Let's say I have a templatized function that is going to be specialized, so I really don't care about the base implementation. Can I do something like this:
template <typename T>
T dummy() {
assert(false);
return declval<T>();
}
When I try to do this in visual-studio-2017 I get a linking error:
unresolved external symbol
char const && __cdecl std::declval<char const >(void)
(??$declval@$$CBD@std@@YA$$QEBDXZ) referenced in functionchar const __cdecl dummy<char const>()
Again this function is uncalled, but I do save a pointer to it. I can use return T{}
instead, and that compiles, but I need this to work even if there isn't a default constructor for T
. Is there a way that I can work around this?
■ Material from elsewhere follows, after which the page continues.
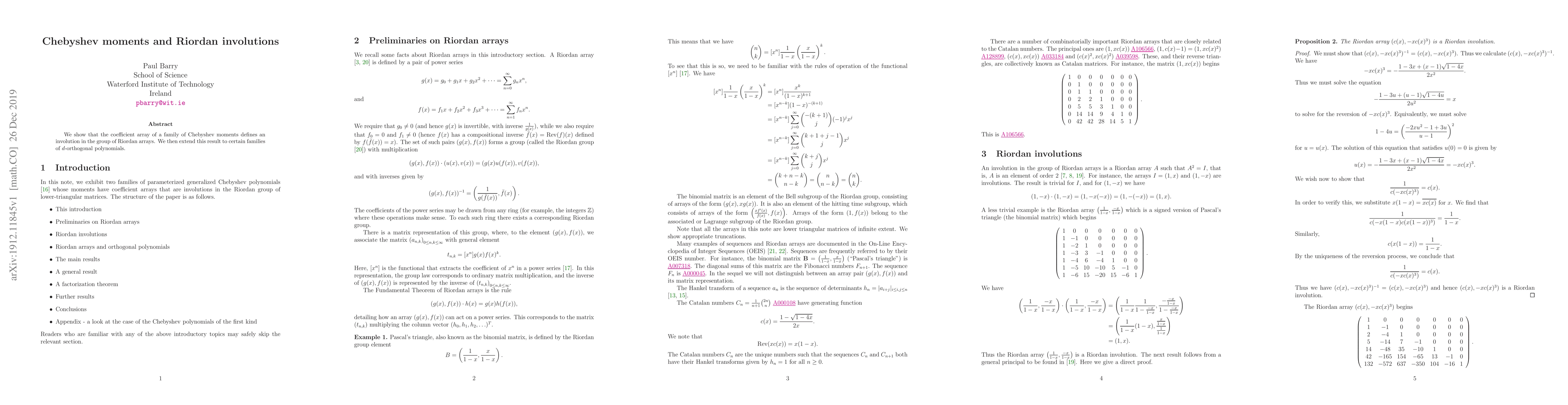 We show that the coefficient array of a family of Chebyshev moments defines an involution in the group of Riordan arrays. We then extend this result to certain families of $d$-orthogonal polynomials.

You can work around the problem by not providing a definition for the function template. Using
template <typename T>
T dummy();
template <>
int dummy() { std::cout << "template <> int dummy()"; return 42;}
int main()
{
dummy<int>();
dummy<double>();
return 0;
}
You will get a linker error because dummy<double>();
does not exist but if you comment it out then the code will compile because there does exist a specialization for int
. This means you don't have to worry about returning anything.
You can eve use
template <typename T>
T dummy() = delete;
instead of not providing a definition so instead of getting a linker error you'll get a "nice" compiler error saying you are trying to use a deleted function. This also allows you to write overloads instead of specializations which is preferable as specializations are not considered during overload resolution. That's not really possible in your case since you don't take any parameters but if you do you should consider it.